Published on November 21, 2002

At noon last Wednesday, the Muehlebach Hotel ballroom was filled with the city's brightest minds. The invited speaker for the Kansas City Area Development Council's annual luncheon was economic It-Boy Richard Florida, a Carnegie Mellon University professor who has written in recent Star editorials that to be really prosperous, a city must be tolerant and attract a "creative class" of extra hip people -- especially gay ones.

So how fitting was it that, just the day before, the Jackson County Legislature was killing an effort to let county workers sign up their domestic partners, same sex and otherwise, for health-insurance benefits? Saying they could save 2 percent on the premiums, legislators pleaded tight budgets, not tight asses.

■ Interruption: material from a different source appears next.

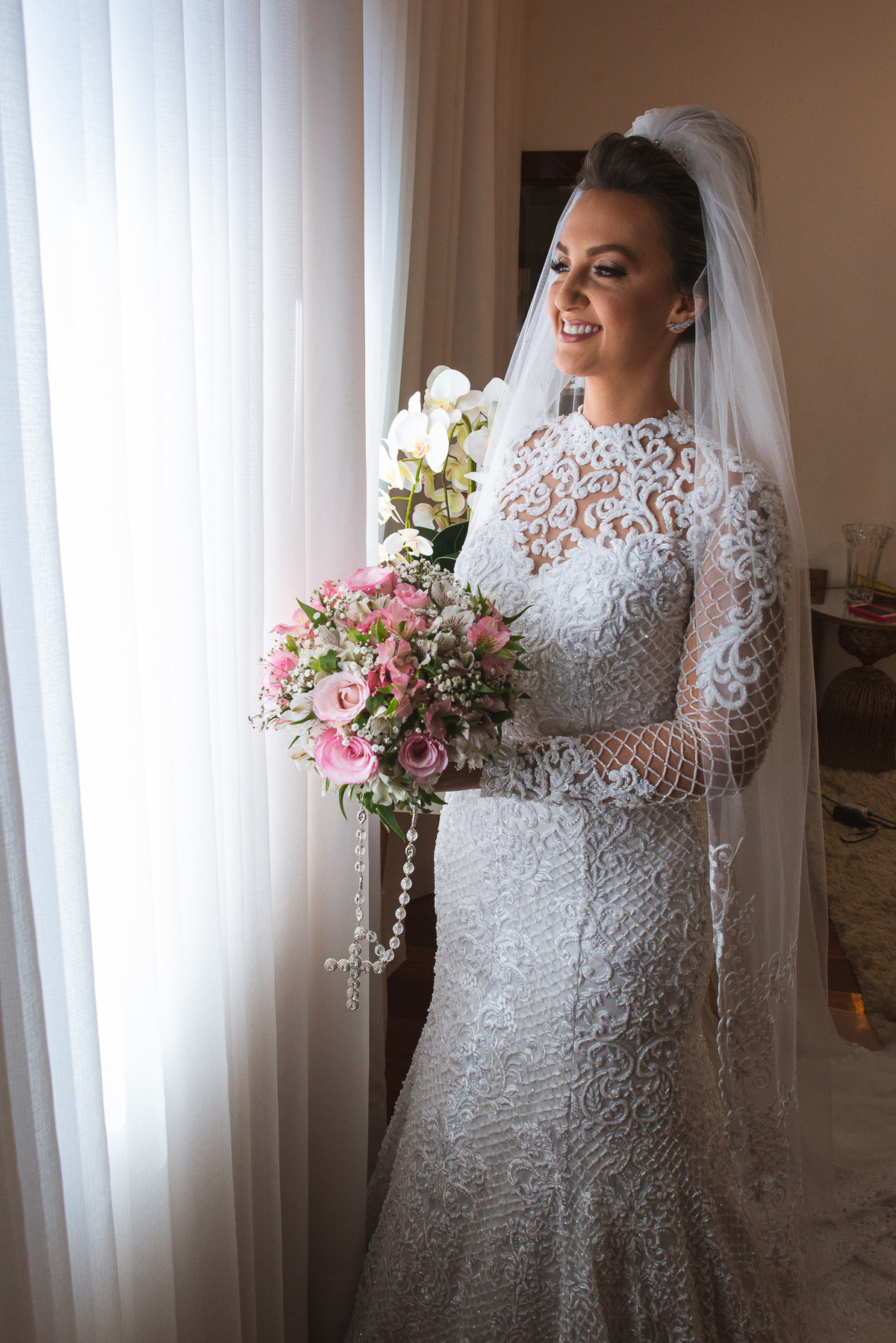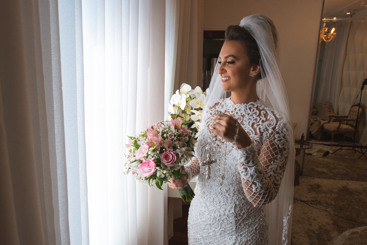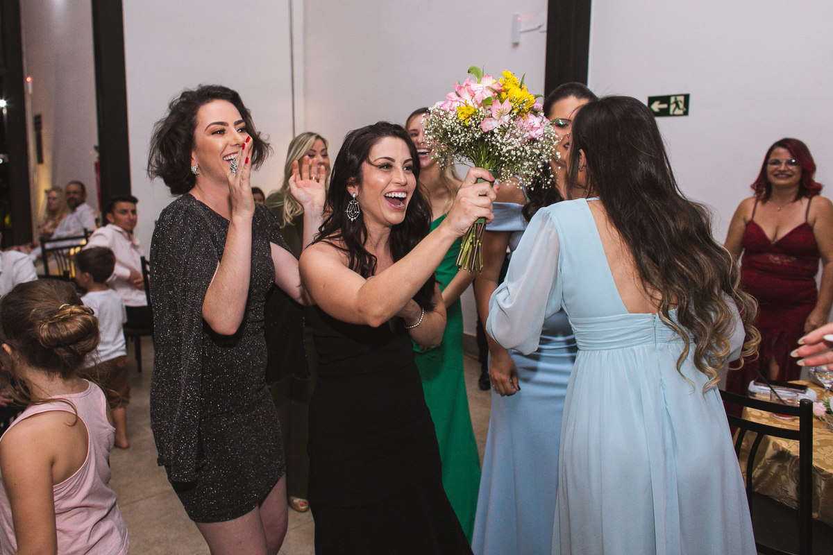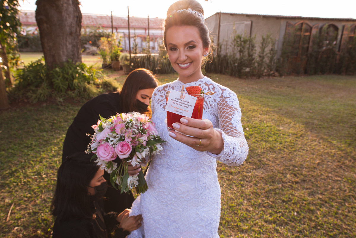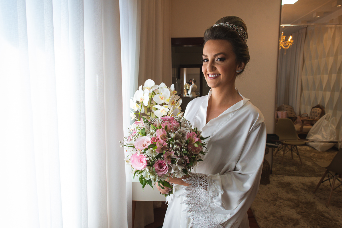 Fizemos um brinde muito festivo, suas madrinhas todas super felizes e empolgadíssimas com o casamento brindaram com a noiva. Logo, Erivelto fez uma surpresa incrível pra sua noiva. Um lindo buquê de flores foi enviado para ela durante o making of. Pensa na dificuldade da noiva em segurar a emoção. Ela mal conseguiu ler o cartão que o noivo enviou junto e já encheu os olhos. Foi incrível! Também pouco antes desse momento, ela recebeu das mãos da cerimonialista Rose Vieira o buquê que ela entraria na igreja. Sorriso? De canto a canto do rosto.

But that didn't stop Victor Callahan, chair of the legislature, from inserting a little social commentary. "Marriage is a foundation of American society," said confirmed bachelor Callahan.

A similar domestic-partnership plan proposed by Mayor Kay Barnes is sitting on a desk somewhere at City Hall. "The mayor's goal is to try to get it implemented by the start of this coming fiscal year," says her office's Richard DeHart.

She might want to hurry up, especially since County Legislator Ron Finley just announced that he's running for City Council. Finley joined Callahan in dissing domestic partners, and that has some queer folkfuming.

Finley tells us he voted against the deal for "economic reasons" and because he wasn't sure how couples would prove they're sufficiently domesticated. Simply signing an affidavit isn't enough, he says. (Perhaps tattoos, receipts for couples' counseling or Polaroids of hers-and-hers La-Z-Boys might convince him). But if he were elected to the City Council, and if he were presented with a better plan, Finley promises, he would reconsider.

"My record in the area of human rights and civil rights, I'll stand on," he adds. "I don't think people should be discriminated against because of their sexual orientation." So we hereby commence holding our breath for Finley to push for some legal recognition for gay couples, which would have solved last week's dilemma at the county.

Meanwhile, gay brothers and sisters, get out there and start saving the city!